Both 11 U.S.C. § 548(a)(1)(B) and California Civil Code § 3439.05 define a constructive fraudulent transfer as one for which the debtor did not receive reasonably equivalent value. "Reasonably equivalent value" is not defined by the Bankruptcy Code. BFP v. Resolution Trust Corp., 511 U.S. at 535-536. "Value" means "property, or satisfaction or securing of a present or antecedent debt of the debtor." Id., quoting and citing 11 U.S.C. § 548(d)(2)(A). When a transfer constitutes repayment of a debtor's antecedent or present debt, the transfer is not constructively fraudulent because it is made for reasonably equivalent value. See In re Fitness Holdings International, Inc., 714 F.3d at 1145-1146 (citation omitted). Finding reasonably equivalent value does not require exact equality in value. BFP v. Resolution Trust Corp., 511 U.S. at 540 n. 4 ("Our discussion assumes that the phrase 'reasonably equivalent' means 'approximately equivalent, ' or 'roughly equivalent.'"). Thus, to determine this element, the court must first determine the value of the property interest transferred by the debtor and the value of the property received in exchange for the transfer, and then the court must determine whether the latter value is reasonably equivalent to the former. See Corzin v. Fordu (In re Fordu), 201 F.3d 693, 707-708 (6th Cir. 1999). The court must consider all the circumstances surrounding the transfer. In re Brobeck, Phleger & Harrison LLP, 408 B.R. 318, 341 (Bankr. N.D. Cal. 2009). The "totality of the circumstances" test used in determining if reasonably equivalent value was received for a transfer is generally fact-intensive and may include consideration of fair market value, the arms'-length nature of the transaction, economic circumstances and relationship of the parties, the maturity, competitiveness, and efficiency of the market, industry standards, and other factors. In re 3dfx Interactive, Inc., 389 B.R. 842, 863 (Bankr. N.D. Cal. 2008). Plaintiff bears the burden of proof on this issue, and asset appraisals and expert testimony are often required to enable the court to make a proper determination of value. In re Roosevelt, 176 B.R. 200, 205-208 (9th Cir. BAP 1994).

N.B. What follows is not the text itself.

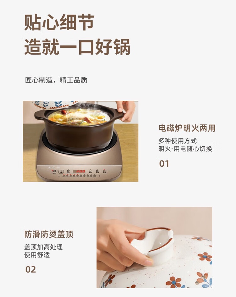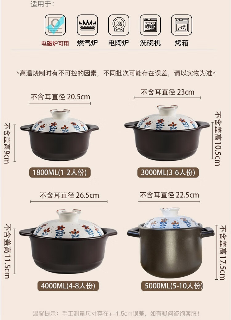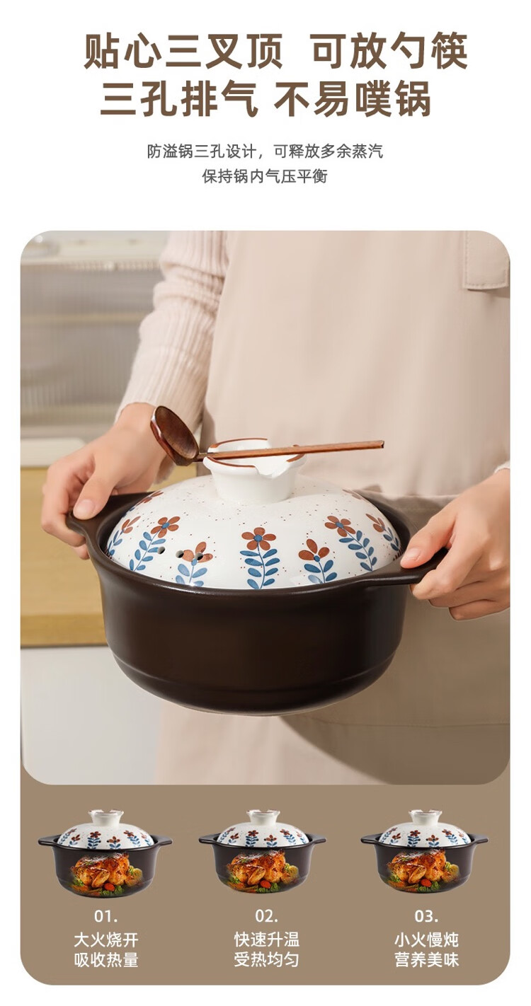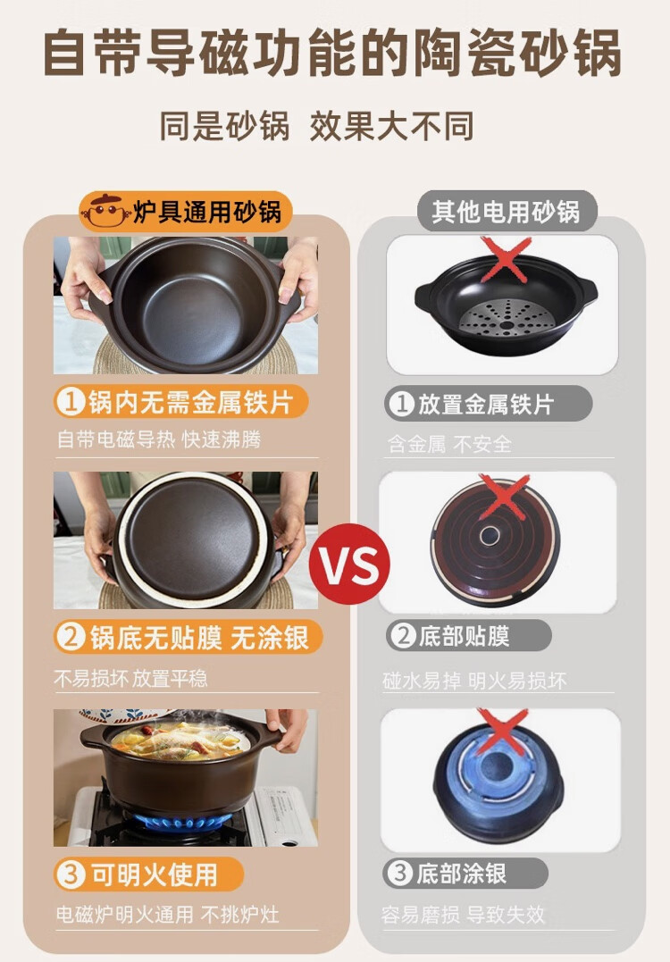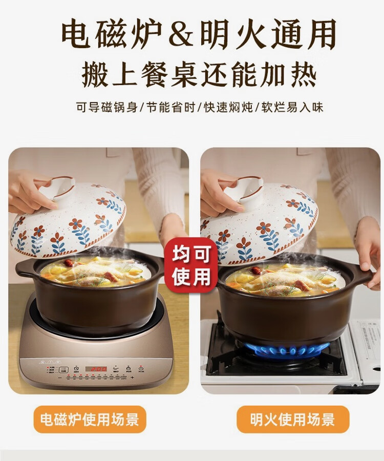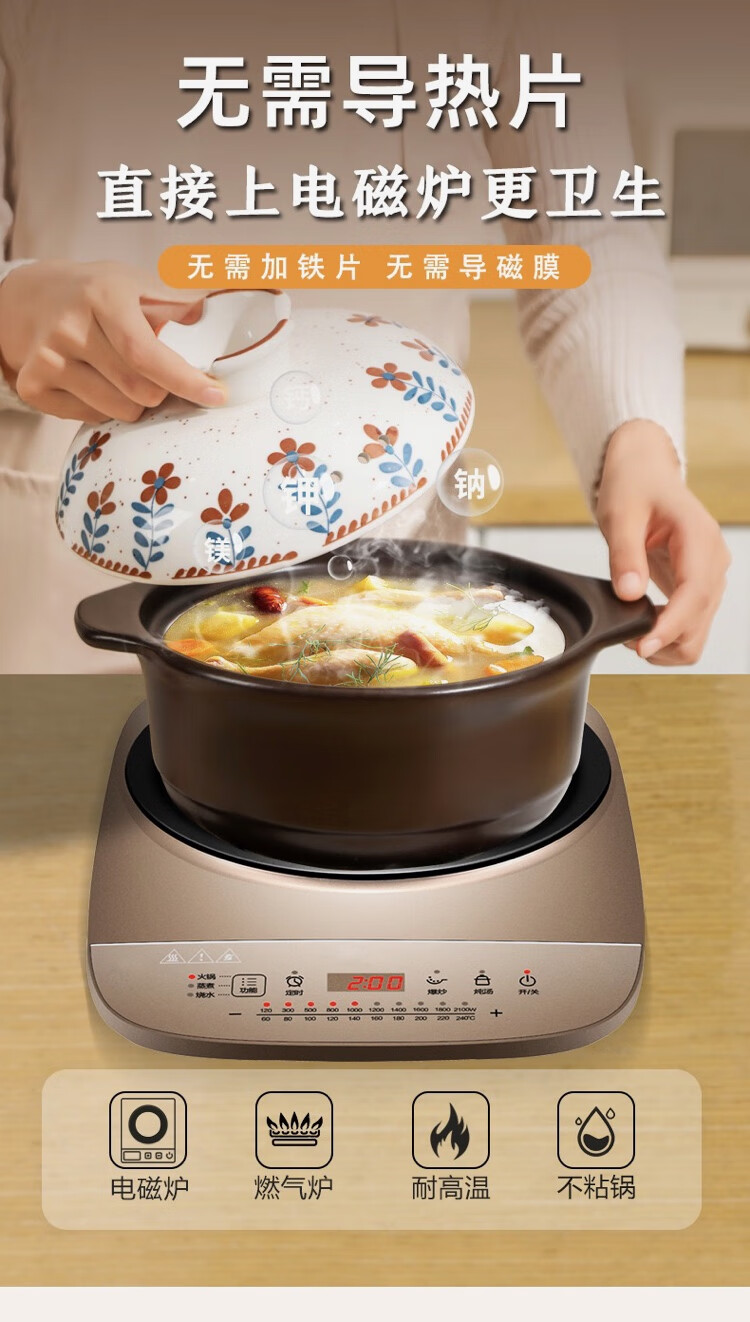 Induction cooker casserole for household soup making, commercial open flame gas stove for general use, no need for heat conductor, induction cooker for open flame general use (1-3 people) 3L

On its face, Plaintiff's case-in-chief does not provide any evidence of the value of the FedChex Entities at the time of the disputed capital contributions during 2002. This valuation evidence is essential to Plaintiff's fraudulent transfer claims based on these transfers because if the court is to find that dilution of Bishop's interests in the FedChex Entities resulted in fraudulent transfers, the court would need to determine how much value was transferred and the value of what was received in exchange-in this case, increasing and decreasing ownership interests in two LLCs. It is key, therefore, to know how much, for example, a 25% membership interest in FedChex was worth in January 2002. However, Plaintiff has not offered any evidence of this.

Instead of offering valuation evidence, such as appraisals and expert testimony, Plaintiff argues that the capital contributions purportedly made by Davis did not actually happen or were invalid based upon the inability of the FedChex members to remember at trial specific facts about the capital contributions and based on alleged inconsistencies in their testimony. See Plaintiff's Proposed Findings of Fact and Conclusions of Law, at 95:26-98:3 and 101:2-106:6. If Plaintiff's contentions are correct, this would mean that Bishop's membership interests were indirectly transferred to Davis through inflation of Davis's membership interests, thereby diluting Bishop's interests, through fictitious and unsubstantiated capital contributions by Davis. Thus, under Plaintiff's theory, the transfers of Bishop's membership interests through dilution were made without reasonably equivalent value exchanged for the dilution.

Plaintiff claims that the only record that analyzes the purported capital contributions of Davis to FedChex is found in Plaintiff's Trial Exhibit 227, at bates stamped page 42. Exhibit 227 consists of several documents retrieved by the receiver team in the state court action. Exhibit 227 at bates stamped page 42 lists a series of purported loans made by Yellow Pages Directory Services ("YPDS"), one of the Davis Entities, to FedChex for payroll allocation and capital improvements, and by Niche, another Davis Entity, which loaned rent payments to FedChex to an unidentified payee. Davis Trial Testimony, February 4, 2010, at 11:59 a.m-12:01 p.m. The number of employees, hourly rates, hours spent, or the nature of the work for payroll allocations were not identified in Exhibit 227. Id. at 11:38 a.m.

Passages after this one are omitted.